> _WHAT YOU HAVE TO DO_: Using the data beneath this instruction, retype only the lines from the one that contains "At this point, pour" down to the one that contains "有名なパリのエトワール凱旋門", both included, exactly as they appear.

> _EXTRACTED INFORMATION_:
=== Begin Enclosure ===
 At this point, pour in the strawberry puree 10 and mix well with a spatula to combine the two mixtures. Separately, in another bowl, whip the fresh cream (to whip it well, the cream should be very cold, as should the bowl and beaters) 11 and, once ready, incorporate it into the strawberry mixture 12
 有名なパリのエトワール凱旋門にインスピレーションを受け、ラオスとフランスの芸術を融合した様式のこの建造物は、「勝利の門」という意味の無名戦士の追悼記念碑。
=== End Enclosure ===
=== Begin Enclosure ===
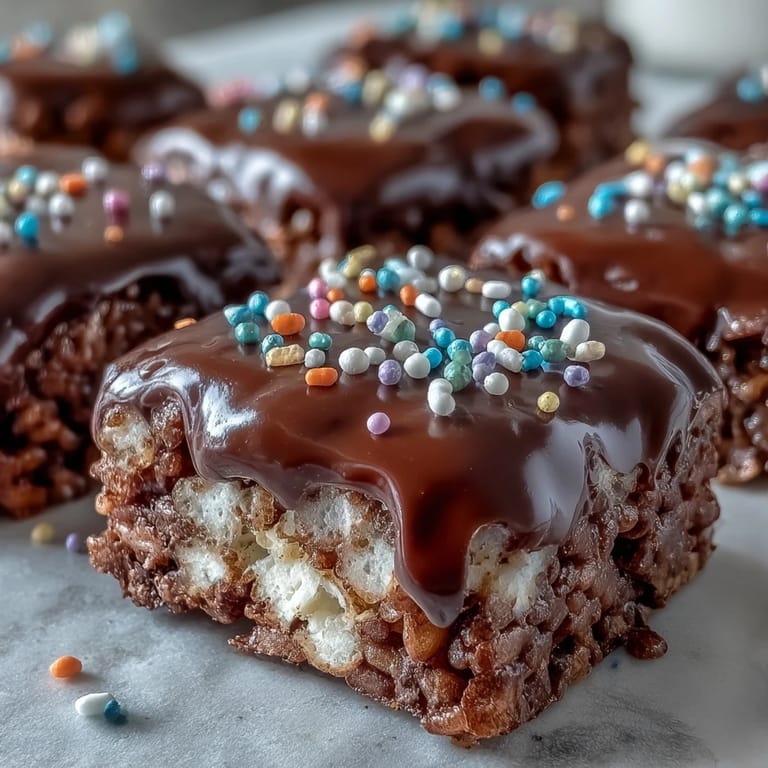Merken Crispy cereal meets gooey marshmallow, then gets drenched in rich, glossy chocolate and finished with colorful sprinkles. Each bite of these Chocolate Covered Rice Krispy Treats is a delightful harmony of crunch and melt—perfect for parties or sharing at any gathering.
=== End Enclosure ===
=== Begin Enclosure ===
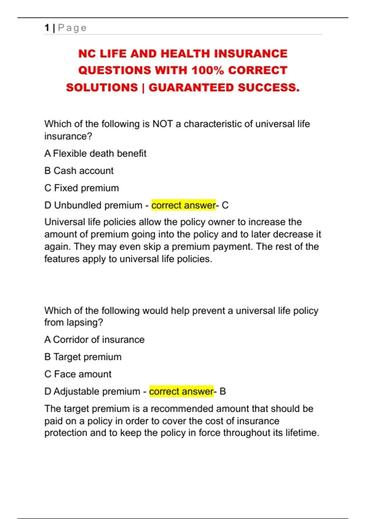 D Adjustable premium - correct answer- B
=== End Enclosure ===
> _EXERCISE RESULT_:
 At this point, pour in the strawberry puree 10 and mix well with a spatula to combine the two mixtures. Separately, in another bowl, whip the fresh cream (to whip it well, the cream should be very cold, as should the bowl and beaters) 11 and, once ready, incorporate it into the strawberry mixture 12
 有名なパリのエトワール凱旋門にインスピレーションを受け、ラオスとフランスの芸術を融合した様式のこの建造物は、「勝利の門」という意味の無名戦士の追悼記念碑。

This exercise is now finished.